- What you will do: Your answer must be the exact lines of the listing below that run from the line with "掘りごたつ個室 | 6名様×2" to the line with "Custom mason jar", ends included, and no pictures.

- Extracted information:

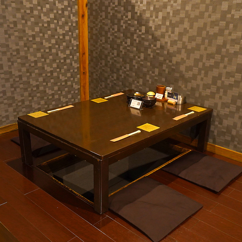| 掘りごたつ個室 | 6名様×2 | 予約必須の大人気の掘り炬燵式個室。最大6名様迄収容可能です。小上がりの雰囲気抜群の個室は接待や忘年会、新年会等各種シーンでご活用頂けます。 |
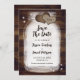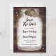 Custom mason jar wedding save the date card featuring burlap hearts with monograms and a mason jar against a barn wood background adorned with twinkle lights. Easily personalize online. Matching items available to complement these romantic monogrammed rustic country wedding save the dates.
---
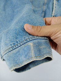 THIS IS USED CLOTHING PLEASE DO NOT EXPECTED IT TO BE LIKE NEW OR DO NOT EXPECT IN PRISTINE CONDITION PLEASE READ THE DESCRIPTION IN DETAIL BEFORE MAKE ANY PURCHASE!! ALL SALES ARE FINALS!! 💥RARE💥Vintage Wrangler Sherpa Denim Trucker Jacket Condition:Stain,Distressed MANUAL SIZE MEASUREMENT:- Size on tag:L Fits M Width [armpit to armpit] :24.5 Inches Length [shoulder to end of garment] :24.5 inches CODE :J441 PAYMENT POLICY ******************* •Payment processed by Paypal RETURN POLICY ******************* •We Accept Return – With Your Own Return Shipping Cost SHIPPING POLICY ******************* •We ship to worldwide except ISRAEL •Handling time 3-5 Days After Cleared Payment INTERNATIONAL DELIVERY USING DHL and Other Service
...
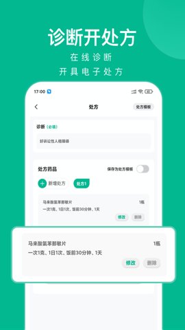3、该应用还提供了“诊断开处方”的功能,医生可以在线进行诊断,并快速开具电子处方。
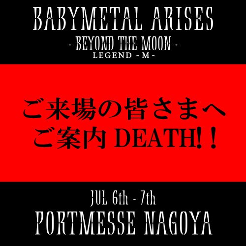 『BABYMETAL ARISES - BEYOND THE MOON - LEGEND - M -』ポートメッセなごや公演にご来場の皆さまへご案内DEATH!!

- Response area:
| 掘りごたつ個室 | 6名様×2 | 予約必須の大人気の掘り炬燵式個室。最大6名様迄収容可能です。小上がりの雰囲気抜群の個室は接待や忘年会、新年会等各種シーンでご活用頂けます。 |
 Custom mason jar wedding save the date card featuring burlap hearts with monograms and a mason jar against a barn wood background adorned with twinkle lights. Easily personalize online. Matching items available to complement these romantic monogrammed rustic country wedding save the dates.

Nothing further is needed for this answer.